To answer these questions, in 2018 I conducted an experiment similar to the NIPS experiment, but with richer data and a deeper analysis. The target was the 26th edition of the "European Symposium on Algorithms" (ESA), a venerable algorithms conference. ESA receives around 300 submissions every year and has two tracks: the more theoretical Track A and the more practical Track B. For the experiment, I picked Track B, which received 51 submissions that year. Two independent PCs were set up, each with 12 members and tasked with an acceptance rate of 24%. A total of 313 reviews were produced. These numbers are smaller than for the NIPS experiment, but still large enough to yield meaningful results. Importantly, they were small enough to allow for a time-intensive deeper analysis.
Both PCs followed the same standard reviewing process, which was agreed on and laid out in advance as clearly as possible:
- Phase 1: PC members entered their reviews without seeing any of the other reviews.

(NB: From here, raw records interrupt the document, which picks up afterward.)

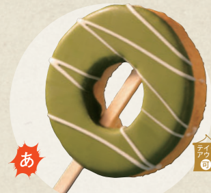
縁バウム (西尾抹茶) 600円

明治時代から伝わる郷土料理の「でんがく」をはじめ、 伝統的な串料理から意表をついた新たな串グルメまで、様々な串物が集う犬山。 城下町の「串物」を次々と食べて、「串物の町 犬山」を存分に味わおう!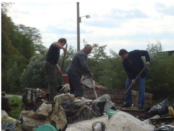
... a nakon istovara, hrpa prikupljenog otpada ...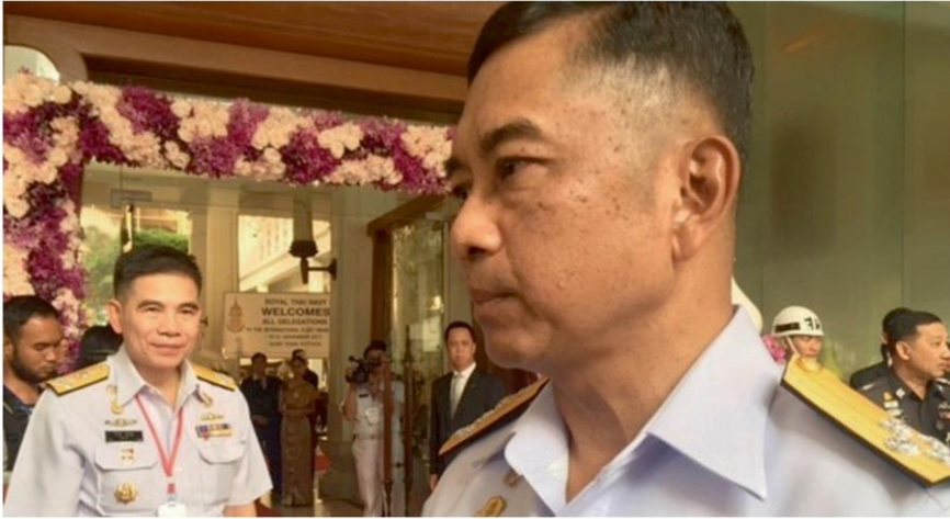
(ซ้าย) พล.ร.อ.ลือชัย รุดดิษฐ์ (ขวา) พล.ร.อ.นริศ ประทุมสุวรรณ

หัวข้อข่าว: รายงานพิเศษ: 'ป่าเปรม' และบ้านสี่เสา ยามเมื่อลมพัดหวาน การเมืองร้อน-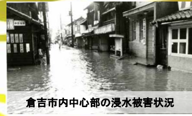
倉吉市内中心部の浸水被害状況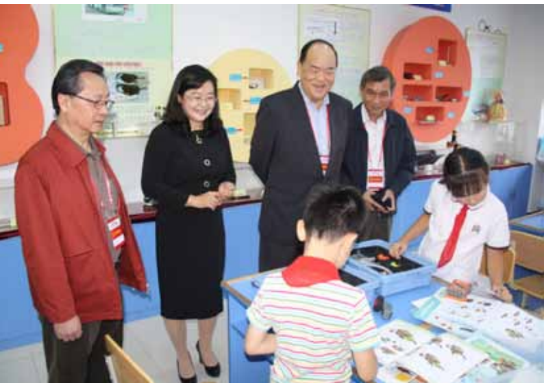
澳门全国人大代表视察延吉市中央小学。

族自治州人民的精神风貌和风土人情。9月9日,代表团来到延边视察。代表们刚刚抵达,就得知受“狮子山”台风影响,延边当地灾情严重。贺一诚、刘艺良、崔世平代表当即以代表团名义向当地慈善机构捐赠五十万元人民币,展现了人大代表为人民,人大代表心系人民的真挚情怀。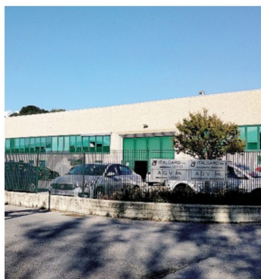
L'azienda ha sede a Sant'Isodoro di Inverigo

«La formazione tecnica - aggiunge - è molto importante sul nostro territorio, ma personalmente ritengo che ciò che oggi manca in modo particolare nella formazione dei giovani sia la base umanistica, incluso l'insegnamento dell'educazione civica, dalla quale parte comunque una forma mentis che porta al rispetto dei luoghi e anche dell'anzianità e dei ruoli, anche a prescindere dalla competenza che si acquisisce. Questo è un valore che poi serve in azienda, visto che si parla tanto di capitale umano e di lasciare le persone libere di esprimersi. Porsi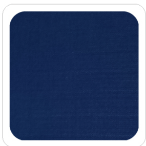
Blu - 18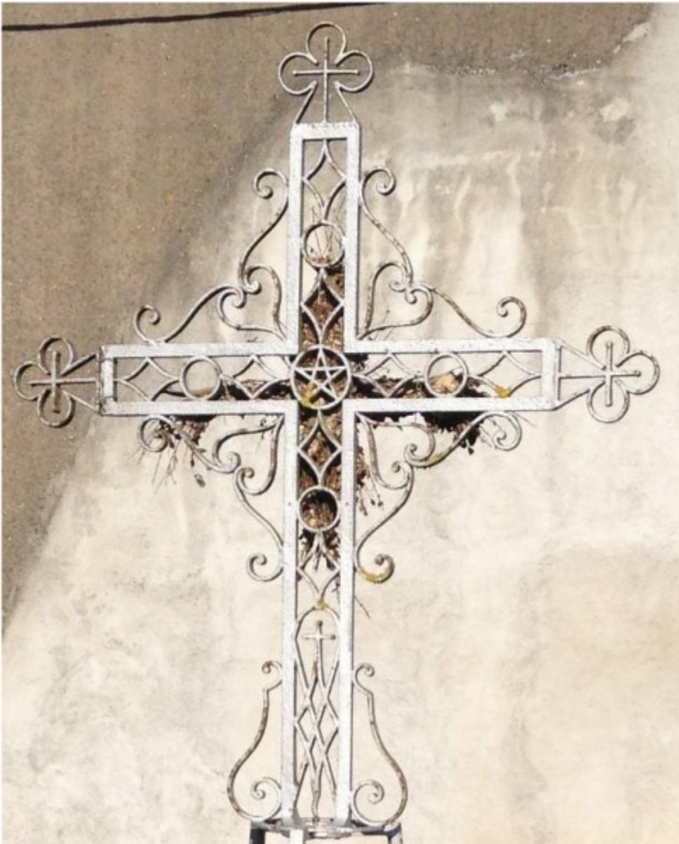
Croix évidée avec une étoile à cinq branches au Centre (Coté Sud)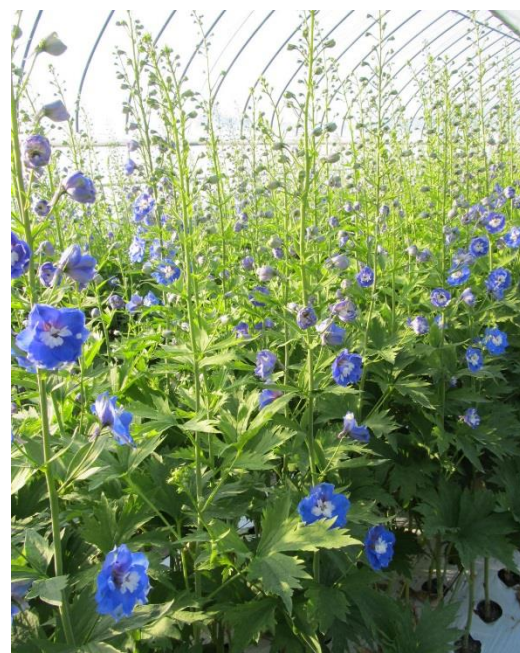
写真2: エラータム系デルフィニウム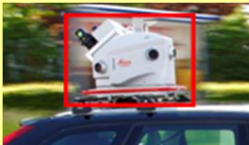
移動計測装置(ペガサス)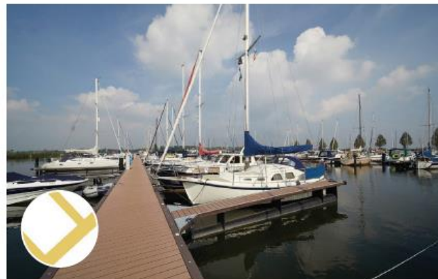
Drijfsteigers in eenduidige materialisering (type Inter Boat Atlantic, gelijk aan bestaande drijfsteigers Stadshaven)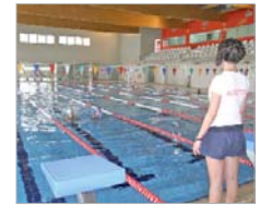
Yacimiento de empleo.

El deporte, además de ser un elemento generador de calidad de vida, es un importante dinamizador económico y una fuente de creación de puestos de trabajo. La Rinconada es un buen ejemplo de ello, con 30 empleos generados directamente desde el Patronato, así como un centenar más de forma indirecta, entre monitores, operarios y conserjes.

- Phase 2: PC members discussed with each other, mostly on a per-paper basis, and papers were proposed for acceptance/rejection in rounds.
- Phase 3: The remaining ("gray zone") papers were compared with each other and all papers left without a clear decision in the end were decided by voting.
PC members were explicitly asked and repeatedly reminded to also update the score of their review whenever they changed something in their review. This allowed a quantitative analysis of the various phases of the reviewing process. For more details on the setup, the results, the data, and a script to evaluate and visualize the data in various ways, see the website of the experiment.2
PART 2: The main results of the ESA experiment
Let us first get a quick overview of the results and then, in Part 3, discuss their implications.
What is the overlap in the set of accepted papers? In the NIPS experiment, the overlap was 43%. In the ESA experiment, the overlap was 58%. The acceptance rates were almost the same. To put these figures into perspective: if the reviewing algorithm was deterministic, the overlap would be 100%. If a random subset of papers was accepted by each PC, the expected overlap would be 24%. If 10% / 20% / 20% / 50% of the papers were accepted with probabilities 0.8 / 0.6 / 0.1 / 0.0, the expected overlap would be around 60%. The overlap is not the best number to look at, since it depends rather heavily on the number of accepted papers; see below.
How many clear accepts were there? The score range for each review was +2, +1, 0, -1, -2. The use of 0 was discouraged and it was communicated beforehand that only papers with a +2 from at least one reviewer were considered for acceptance. For a paper that received only +2 scores, there was no incentive for discussion and these papers were accepted right away. There was little agreement between the two PCs concerning such "clear accepts." Out of nine papers that were clear accepts in one PC, four were rejected by the other PC and only two also were clear accepts in the other PC (that is, 4% of all submissions). If papers that are "clear accepts" exist at all, they are very few.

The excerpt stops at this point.